(Records supplied begins)

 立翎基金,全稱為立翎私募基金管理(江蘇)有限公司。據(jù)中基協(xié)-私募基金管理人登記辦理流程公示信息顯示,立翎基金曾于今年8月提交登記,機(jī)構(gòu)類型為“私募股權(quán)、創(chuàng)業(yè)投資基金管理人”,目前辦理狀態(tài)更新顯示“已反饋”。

(Records supplied ends)
(Records supplied begins)

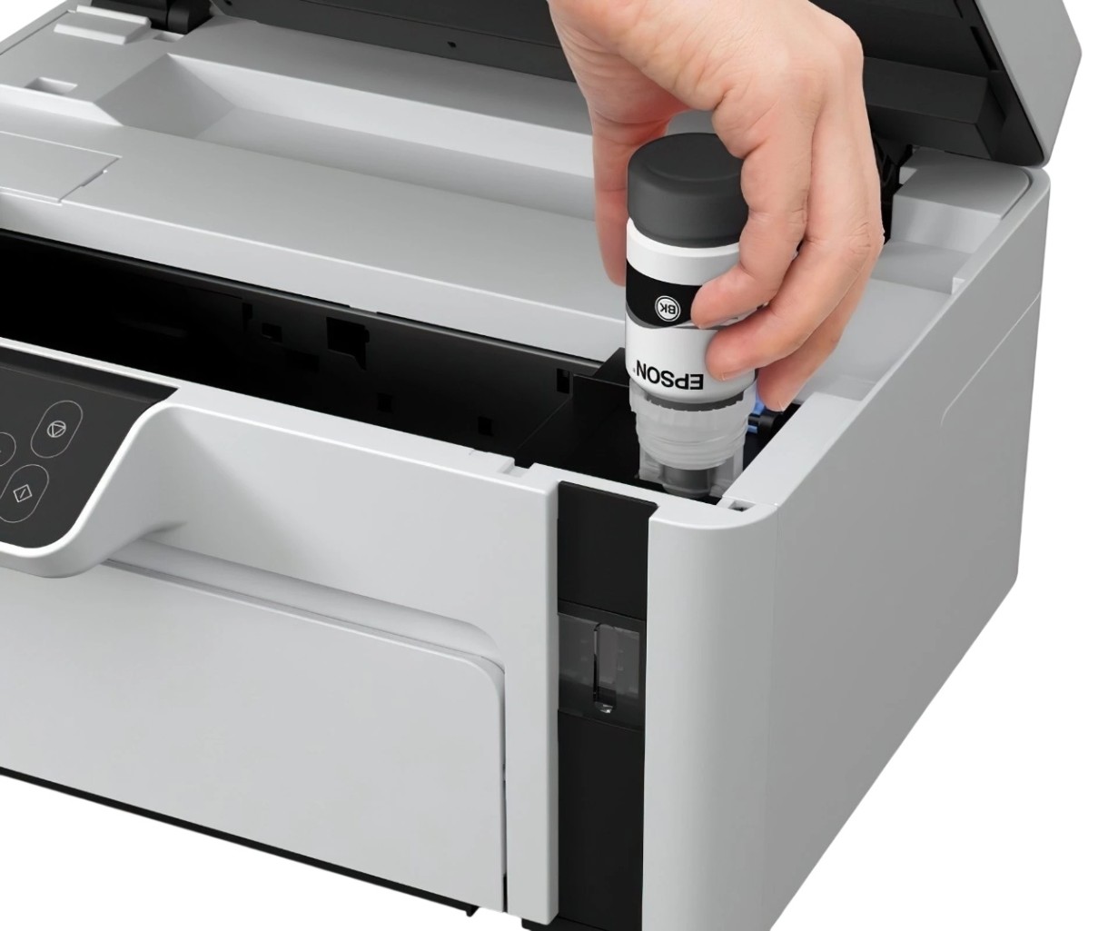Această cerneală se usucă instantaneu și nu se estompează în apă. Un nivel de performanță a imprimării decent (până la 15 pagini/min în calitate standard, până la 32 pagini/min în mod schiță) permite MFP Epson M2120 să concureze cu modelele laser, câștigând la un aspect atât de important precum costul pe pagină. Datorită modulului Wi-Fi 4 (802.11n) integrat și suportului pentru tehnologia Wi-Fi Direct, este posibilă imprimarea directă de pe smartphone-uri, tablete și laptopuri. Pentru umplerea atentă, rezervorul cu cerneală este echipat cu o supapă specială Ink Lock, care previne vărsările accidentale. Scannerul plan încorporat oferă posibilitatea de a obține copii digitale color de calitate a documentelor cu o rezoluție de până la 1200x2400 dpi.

(Records supplied ends)
(Records supplied begins)

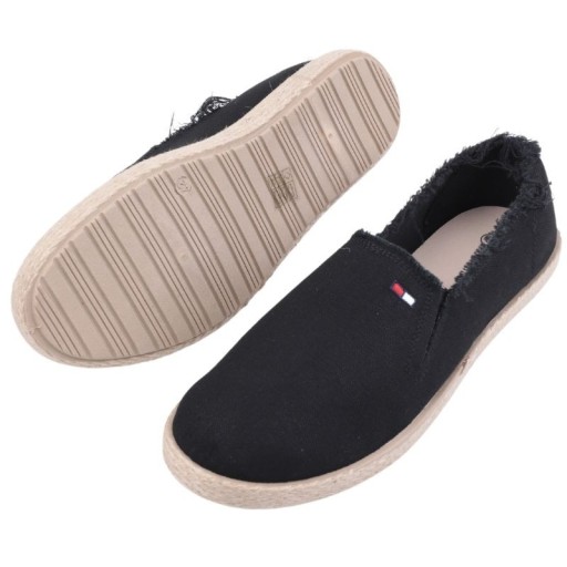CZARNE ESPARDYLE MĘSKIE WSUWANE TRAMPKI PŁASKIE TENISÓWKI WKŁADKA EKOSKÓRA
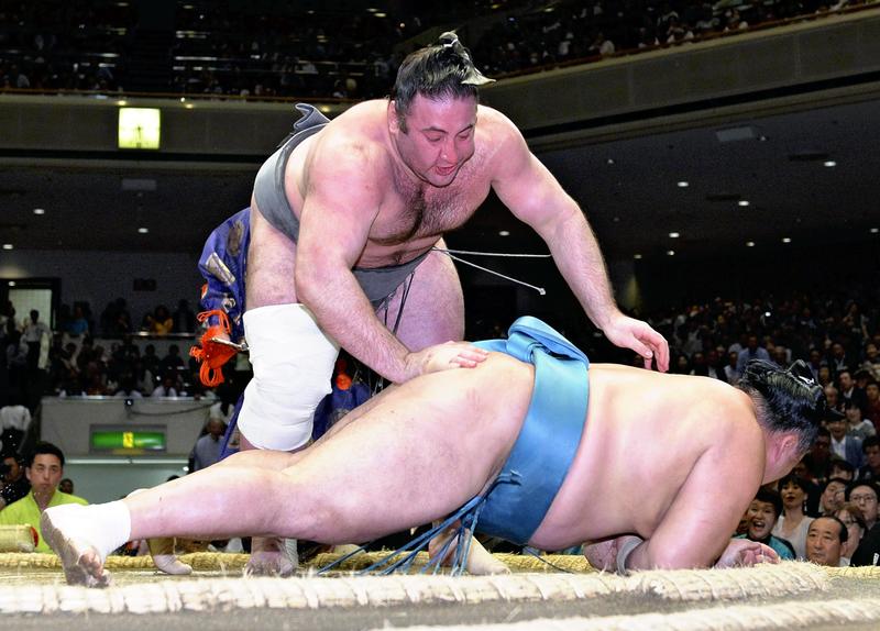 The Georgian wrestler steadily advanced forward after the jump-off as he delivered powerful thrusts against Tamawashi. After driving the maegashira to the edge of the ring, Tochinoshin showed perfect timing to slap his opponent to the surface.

(Records supplied ends)

→ **Assignment**
Starting from the line with "CZARNE ESPARDYLE MĘSKIE" in the records above, repeat each line exactly until you have written the line with "The Georgian wrestler", then stop; drop the pictures.

→ **Response below**
CZARNE ESPARDYLE MĘSKIE WSUWANE TRAMPKI PŁASKIE TENISÓWKI WKŁADKA EKOSKÓRA
 The Georgian wrestler steadily advanced forward after the jump-off as he delivered powerful thrusts against Tamawashi. After driving the maegashira to the edge of the ring, Tochinoshin showed perfect timing to slap his opponent to the surface.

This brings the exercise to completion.